WORK TO COMPLETE:
Make an exact transcript of the lines in the data below, starting with the one containing "Bamboo Charcoal Mint" and going on through the one containing "Black sandals with", with both included and the pictures left out.

Data extracted from a collection:
○ ○ ○ ○ ○
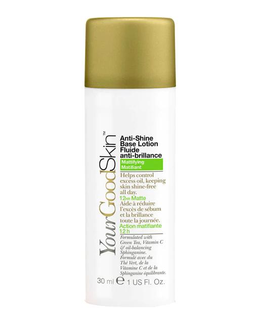 La Loción Base Anti-Brillos de Your Good Skin proporciona 12 horas de efecto mate, ayudando a regular el exceso de sebo y manteniendo la piel sin brillos durante todo el día. Está formulada con un exclusivo complejo antioxidante que incluye Vitamina C, Té verde, Vitamina E y Lipochroman. También contiene Bisabolol y Pantenol, que poseen propiedades calmantes y antiinflamatorias, así como Esfinganina para reducir los niveles de sebo. Es un producto libre de parabenos y sin fragancias añadidas, testado dermatológicamente.
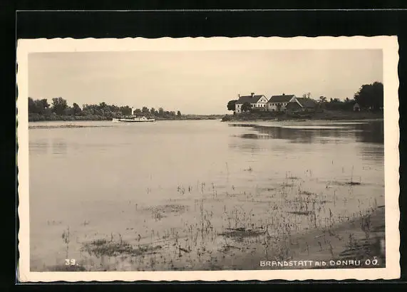 AK Brandstatt a. D., Mooriges Donauufer mit Dampfer
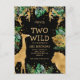 Este convite de festa de segundo aniversário com tema de safári "dois selvagens" apresenta animais em folha falsa dourada (girafa, leão e macacos), folhagem da selva dourada e verde, e uma pitada de confete dourado em um fundo preto. Adicione o nome do menino ou menina aniversariante e os detalhes da festa em texto preto na frente e seu endereço de retorno no verso.
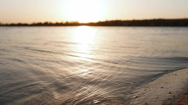 Nature background of lake calm water surface with ripples on sunset sunlight. Sea, ocean, river, bay or pond waves in sunny weather on sunrise. Reflection of low sun in water. Low angle. Slow motion.
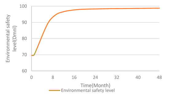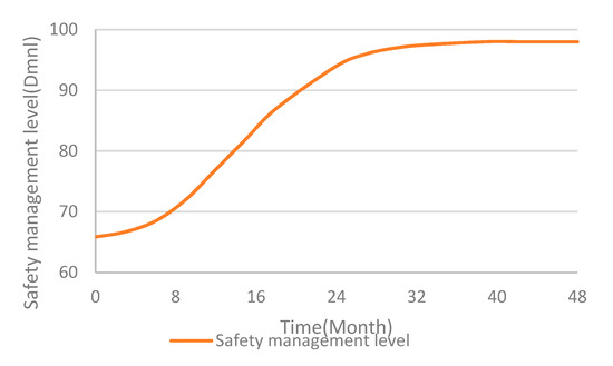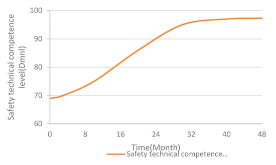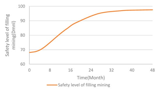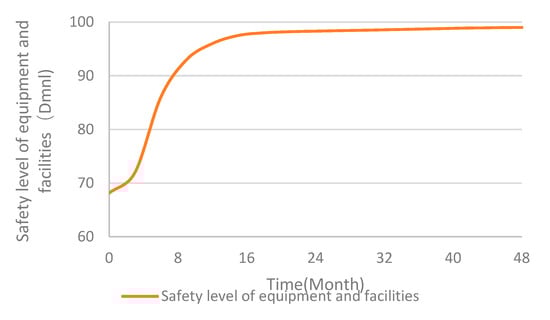 From Figure 2, Figure 3, Figure 4, Figure 5, Figure 6 and Figure 7, it can be seen that the safety level of the filling mining mine and the five level variables all increase with time. In the early stage, the growth rate of the five level variables and the safety level of the filling mining mine is relatively slow, and the growth of the safety level lags behind. This is because the system has a delay, and the safety input has a lag. After the safety investment, it takes time to make the corresponding decision, and the change of the system state also takes time. Therefore, the initial overall growth rate is relatively slow. In the medium term, the growth rate of the five level variables and the safety level of the filling mining mine is faster. This is due to the accumulation of safety investment over time, effective implementation of various safety procedures and the improvement of all aspects of the safety level. Among them, according to the simulation data of level variables, the safety level of equipment and facilities and the environmental safety level reached more than 90 in the ninth month and then gradually approached the limit value. The safety level of personnel, safety management level and safety technical ability level reached more than 90 in the 21st, 22nd and 25ths month, respectively, and then gradually approached the limit value. It can be seen that the improvement effect of the environment and equipment is faster, and the improvement of personnel, management and technology can only achieve initial results after a period of implementation. In the later period, the growth rate of the five level variables and the safety level of the filling mining mine is basically unchanged. At this time, the safety level has reached the expected value, and the safety investment can be appropriately reduced to save resources.
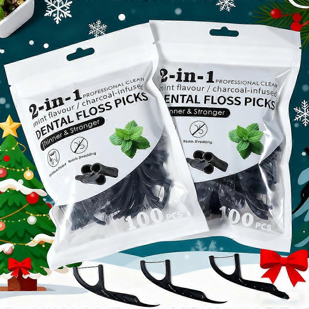 Bamboo Charcoal Mint Dental Floss Picks Disposable 200 Counts Deep Clean Teeth Fresh Breath Home Travel Friendly
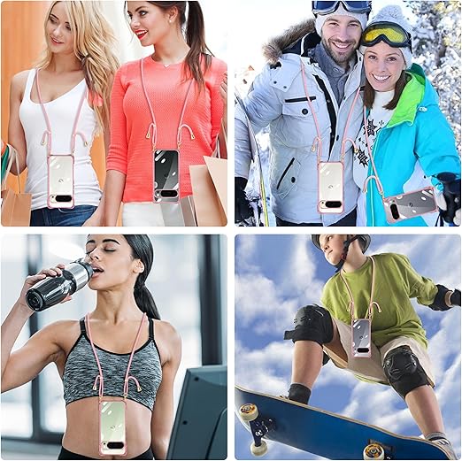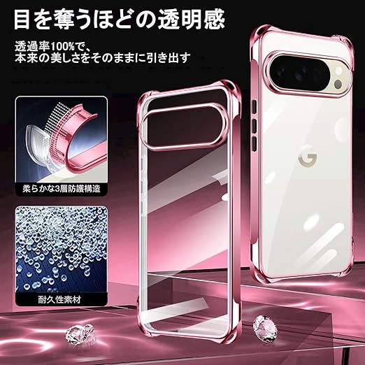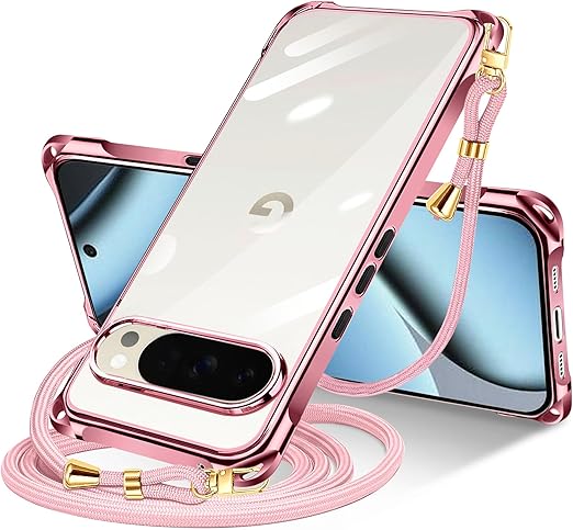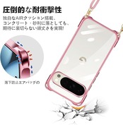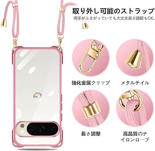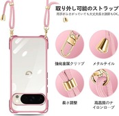 Google Pixel 10 / Pixel 10 Pro 用 ケース クリア ショルダー pixel10 / 10pro 用 スマホケース ピクセル 10 カバー 肩掛け 斜めかけ 縄掛けケース 透明 薄型 軽量 TPU 紐付き 斜めがけ 織りストラップ付き ネックストラップ ショルダー 縦/横 2WAY 長さ調整可能 取り外し可能 落下防止 紛失防止 ワイヤレス充電対応 (ローズゴールド) a
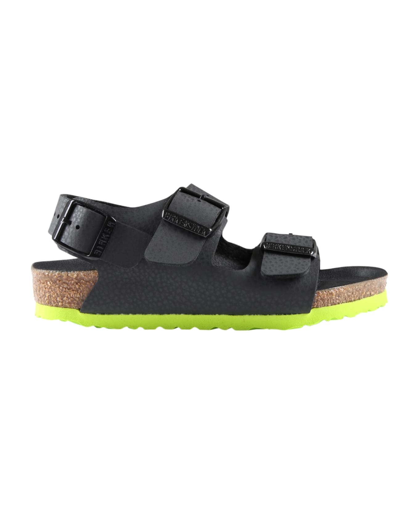 Black sandals with two straps with adjustable buckles on the front and heel strap. They are embellished with green sole and embossed logo on the side.
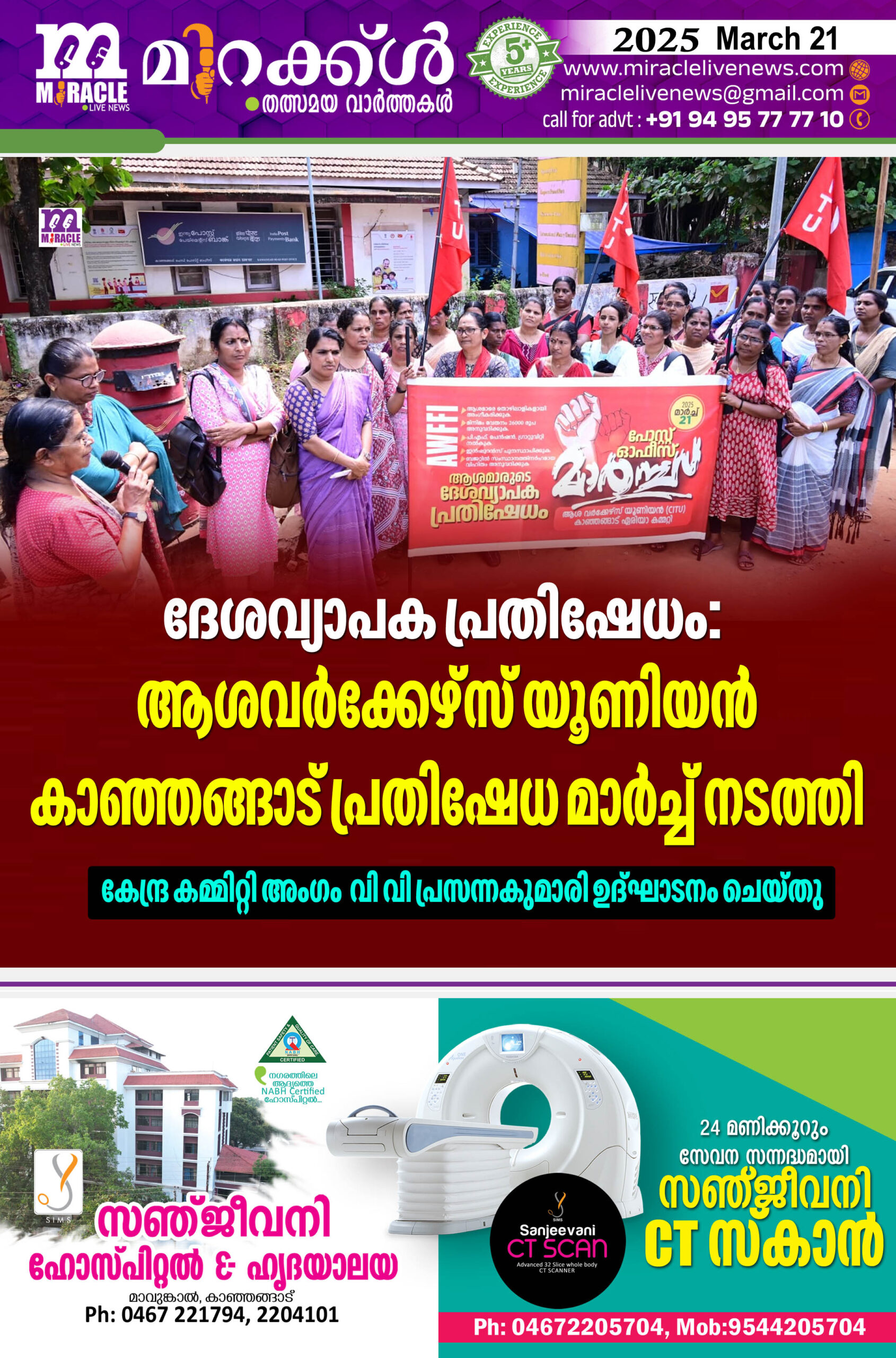കാഞ്ഞങ്ങാട്: ആശപ്രവര്‍ത്തകരെ തൊഴിലാളികളായി അംഗീകരിക്കുക,മിനിമം വേതനം 26000 രൂപ അനുവദിക്കുക,പി എഫ് പെന്‍ഷന്‍ ഗ്രാറ്റുവിറ്റി എന്നിവ അനുവദിക്കുക,ഇന്‍ഷുറന്‍സ് പുനസ്ഥാപിക്കുക,ബഡ്ജറ്റില്‍ സംസ്ഥാനത്തിന് അര്‍ഹമായ വിഹിതം അനുവദിക്കുക തുടങ്ങിയ ആവശ്യങ്ങള്‍ ഉന്നയിച്ച് ആശവര്‍ക്കര്‍സ് യൂണിയന്‍(സിഐടിയു)ദേശീയ പ്രക്ഷോഭത്തിന്റെ ഭാഗമായി കാഞ്ഞങ്ങാട് പ്രതിഷേധ പ്രതിഷേധ മാര്‍ച്ചും ധര്‍ണ്ണയും നടത്തി. കാഞ്ഞങ്ങാട് ഏരിയ കമ്മിറ്റിയുടെ നേതൃത്വത്തില്‍ നിരവധി അംഗങ്ങള്‍ പങ്കെടുത്ത് കാഞ്ഞങ്ങാട് പട്ടണത്തില്‍ നിന്നും പ്രതിഷേധ മാര്‍ച്ച് ആരംഭിച്ചു.തുടര്‍ന്ന് മുഖ്യ തപ്പാല്‍ ഓഫീസിനു മുന്നില്‍ നടത്തിയ ധര്‍ണ്ണ യൂണിയന്‍ കേന്ദ്ര കമ്മിറ്റി അംഗം വി വി പ്രസന്നകുമാരി ഉദ്ഘാടനം ചെയ്തു.
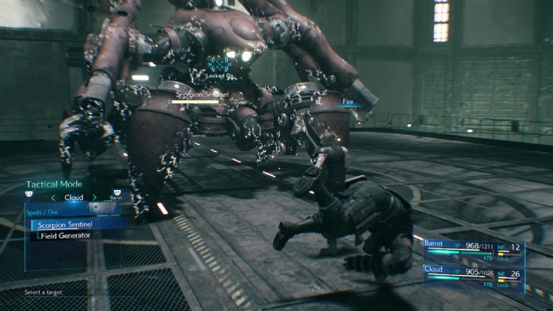 Scorpion Sentinel は事実上、第 1 章の最後のボスです。これは、リメイク版の新しい戦闘システムの基本的な拡張チュートリアルとして機能し、Cloud と Barret がお互いにゲームの機能を怒って説明します.
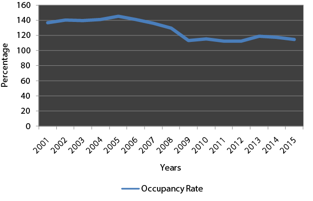 FIGURE 2. Occupancy Rate in Prisons (2001–2015)
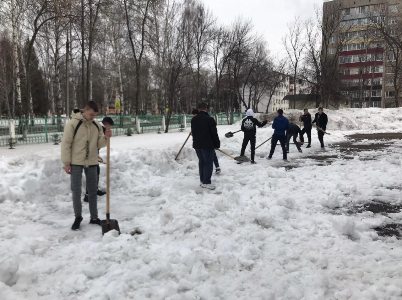 Опубликовано: 06.04.2022Акция «Снежный десант» продолжается.Студенты трудятся на территории колледжа.
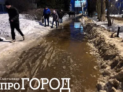 Сыктывкарцы негодуют: «Сегодня на улице было +10. Все таяло, тротуары превратились в непроходимые реки. Идти было негде, приходилось прыгать по небольшим снежным островкам. На Коммунистической, ряд
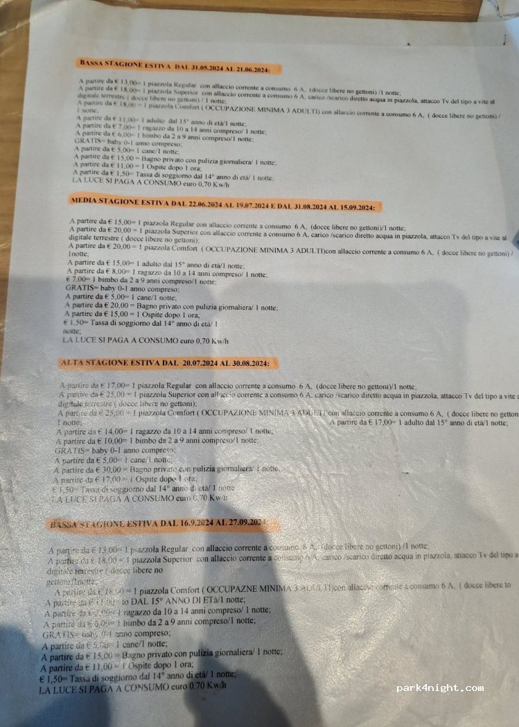 Campeggio troppo caro( 54€. 2persone+ van), piazzole piccole, problemi ricezione TV. Gestore poco accogliente non ci tornerò più!!!
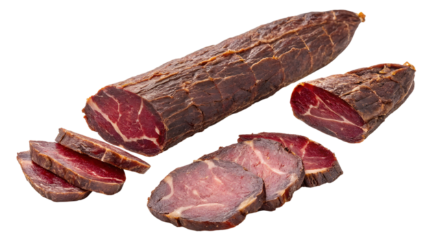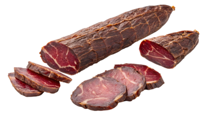 Set of Sliced Chorizo Spanish sausage isolated on white transparent background. Concept of cured meats
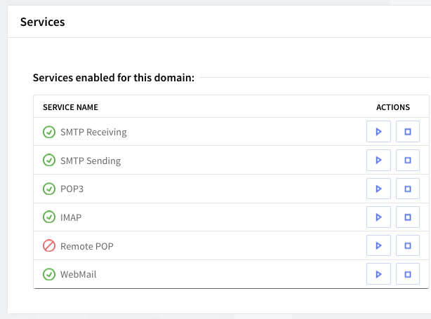 In the domain services list, you can enable or disable a service by using the respective buttons corresponding to that service's name.
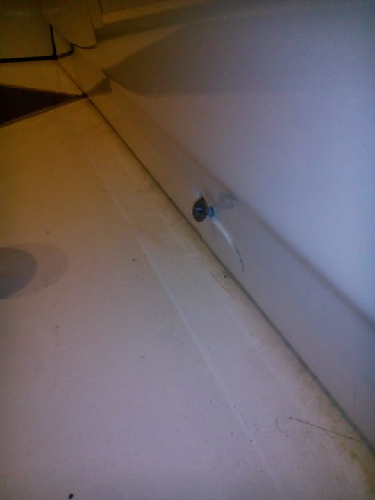 Dieses Bild zeigt den Badboden und einen Teil der Badewanne (rechts) eine Schraub steht herhausen. Man könnte daran hängen bleiben und sich verletzen. Man sieht das man hier nicht gereinigt hat. Das Bild war vom Erstbezug des Zimmers!!!
○ ○ ○ ○ ○
ANSWER SECTION:
 Bamboo Charcoal Mint Dental Floss Picks Disposable 200 Counts Deep Clean Teeth Fresh Breath Home Travel Friendly
 Google Pixel 10 / Pixel 10 Pro 用 ケース クリア ショルダー pixel10 / 10pro 用 スマホケース ピクセル 10 カバー 肩掛け 斜めかけ 縄掛けケース 透明 薄型 軽量 TPU 紐付き 斜めがけ 織りストラップ付き ネックストラップ ショルダー 縦/横 2WAY 長さ調整可能 取り外し可能 落下防止 紛失防止 ワイヤレス充電対応 (ローズゴールド) a
 Black sandals with two straps with adjustable buckles on the front and heel strap. They are embellished with green sole and embossed logo on the side.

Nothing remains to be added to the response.